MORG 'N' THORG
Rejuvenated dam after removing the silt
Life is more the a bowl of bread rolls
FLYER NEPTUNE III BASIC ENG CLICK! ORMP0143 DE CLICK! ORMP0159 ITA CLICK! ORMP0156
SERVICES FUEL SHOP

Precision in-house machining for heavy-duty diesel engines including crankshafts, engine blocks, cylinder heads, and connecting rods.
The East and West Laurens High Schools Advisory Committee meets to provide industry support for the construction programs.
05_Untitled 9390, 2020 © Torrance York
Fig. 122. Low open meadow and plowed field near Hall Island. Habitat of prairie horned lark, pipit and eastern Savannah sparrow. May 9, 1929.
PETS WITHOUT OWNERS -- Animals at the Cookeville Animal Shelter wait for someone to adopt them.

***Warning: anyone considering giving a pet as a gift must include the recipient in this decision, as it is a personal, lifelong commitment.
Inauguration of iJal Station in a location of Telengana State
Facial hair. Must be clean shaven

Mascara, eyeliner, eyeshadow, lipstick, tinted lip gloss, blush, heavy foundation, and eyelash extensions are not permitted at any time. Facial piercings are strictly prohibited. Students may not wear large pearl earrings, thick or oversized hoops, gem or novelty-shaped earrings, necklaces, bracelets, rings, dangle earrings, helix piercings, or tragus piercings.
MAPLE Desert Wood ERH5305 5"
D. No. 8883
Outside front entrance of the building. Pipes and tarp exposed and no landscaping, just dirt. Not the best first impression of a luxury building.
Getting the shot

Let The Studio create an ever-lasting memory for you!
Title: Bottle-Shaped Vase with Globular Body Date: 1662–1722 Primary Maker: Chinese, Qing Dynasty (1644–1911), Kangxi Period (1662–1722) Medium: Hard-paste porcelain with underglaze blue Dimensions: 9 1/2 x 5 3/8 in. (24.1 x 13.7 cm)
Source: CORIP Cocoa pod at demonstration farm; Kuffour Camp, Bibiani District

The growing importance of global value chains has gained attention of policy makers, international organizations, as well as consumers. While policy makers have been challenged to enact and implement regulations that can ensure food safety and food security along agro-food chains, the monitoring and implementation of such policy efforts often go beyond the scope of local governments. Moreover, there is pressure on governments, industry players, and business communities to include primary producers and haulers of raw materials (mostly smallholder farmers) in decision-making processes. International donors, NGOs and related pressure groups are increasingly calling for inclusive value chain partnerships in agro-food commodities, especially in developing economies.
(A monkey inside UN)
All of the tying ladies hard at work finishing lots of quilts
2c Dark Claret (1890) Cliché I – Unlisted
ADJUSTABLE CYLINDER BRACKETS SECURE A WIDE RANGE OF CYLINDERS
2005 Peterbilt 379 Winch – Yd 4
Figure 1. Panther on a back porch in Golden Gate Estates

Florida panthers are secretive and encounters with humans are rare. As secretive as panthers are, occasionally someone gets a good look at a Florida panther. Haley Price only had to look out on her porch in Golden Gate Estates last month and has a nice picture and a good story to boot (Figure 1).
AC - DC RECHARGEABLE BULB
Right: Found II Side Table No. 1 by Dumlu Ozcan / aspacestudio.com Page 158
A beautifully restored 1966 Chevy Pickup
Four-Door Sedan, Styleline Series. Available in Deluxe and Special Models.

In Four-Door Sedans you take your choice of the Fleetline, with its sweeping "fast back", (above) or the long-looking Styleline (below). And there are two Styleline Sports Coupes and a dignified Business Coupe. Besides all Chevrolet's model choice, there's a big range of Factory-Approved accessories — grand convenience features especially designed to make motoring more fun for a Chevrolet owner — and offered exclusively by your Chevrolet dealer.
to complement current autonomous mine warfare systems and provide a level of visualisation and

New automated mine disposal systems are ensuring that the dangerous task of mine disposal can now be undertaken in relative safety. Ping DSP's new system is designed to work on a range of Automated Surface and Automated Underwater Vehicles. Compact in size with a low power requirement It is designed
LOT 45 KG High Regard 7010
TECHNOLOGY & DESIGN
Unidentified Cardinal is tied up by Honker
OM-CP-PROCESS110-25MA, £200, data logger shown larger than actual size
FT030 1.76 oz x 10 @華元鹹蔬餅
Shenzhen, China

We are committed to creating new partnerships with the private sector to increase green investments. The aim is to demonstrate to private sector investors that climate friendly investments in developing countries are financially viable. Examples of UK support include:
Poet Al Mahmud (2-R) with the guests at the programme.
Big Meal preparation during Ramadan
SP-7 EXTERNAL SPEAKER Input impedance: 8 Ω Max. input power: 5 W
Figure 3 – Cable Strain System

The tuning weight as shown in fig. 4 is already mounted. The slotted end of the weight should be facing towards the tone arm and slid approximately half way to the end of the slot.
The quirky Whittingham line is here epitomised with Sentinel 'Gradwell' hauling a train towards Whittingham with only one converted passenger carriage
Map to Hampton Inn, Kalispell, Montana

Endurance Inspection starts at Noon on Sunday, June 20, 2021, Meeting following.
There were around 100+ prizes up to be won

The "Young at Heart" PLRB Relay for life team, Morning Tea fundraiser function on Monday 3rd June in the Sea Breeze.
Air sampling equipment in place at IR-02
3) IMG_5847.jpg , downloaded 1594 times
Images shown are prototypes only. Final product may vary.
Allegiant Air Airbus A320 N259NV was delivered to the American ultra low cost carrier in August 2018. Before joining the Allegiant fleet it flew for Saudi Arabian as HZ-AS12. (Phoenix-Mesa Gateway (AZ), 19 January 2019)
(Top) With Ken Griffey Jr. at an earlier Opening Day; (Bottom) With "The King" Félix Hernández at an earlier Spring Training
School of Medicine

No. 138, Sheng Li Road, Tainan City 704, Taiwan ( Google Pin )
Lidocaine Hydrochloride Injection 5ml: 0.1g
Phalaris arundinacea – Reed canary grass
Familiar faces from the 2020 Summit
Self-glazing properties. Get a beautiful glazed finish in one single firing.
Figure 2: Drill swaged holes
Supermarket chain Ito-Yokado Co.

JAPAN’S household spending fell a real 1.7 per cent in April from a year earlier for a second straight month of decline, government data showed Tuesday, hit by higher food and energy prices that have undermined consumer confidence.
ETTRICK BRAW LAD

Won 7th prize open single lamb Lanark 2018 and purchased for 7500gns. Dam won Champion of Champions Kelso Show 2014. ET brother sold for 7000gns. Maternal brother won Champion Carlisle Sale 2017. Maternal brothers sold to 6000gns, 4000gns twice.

--- WHAT YOU WILL DO ---
Beginning with the line containing "Lidocaine Hydrochloride Injection 5ml: 0.1g" and ending with the last line of the listing above, return every line exactly and nothing else.

--- THE COMPLETED TASK ---
Lidocaine Hydrochloride Injection 5ml: 0.1g
Phalaris arundinacea – Reed canary grass
Familiar faces from the 2020 Summit
Self-glazing properties. Get a beautiful glazed finish in one single firing.
Figure 2: Drill swaged holes
Supermarket chain Ito-Yokado Co.

JAPAN’S household spending fell a real 1.7 per cent in April from a year earlier for a second straight month of decline, government data showed Tuesday, hit by higher food and energy prices that have undermined consumer confidence.
ETTRICK BRAW LAD

Won 7th prize open single lamb Lanark 2018 and purchased for 7500gns. Dam won Champion of Champions Kelso Show 2014. ET brother sold for 7000gns. Maternal brother won Champion Carlisle Sale 2017. Maternal brothers sold to 6000gns, 4000gns twice.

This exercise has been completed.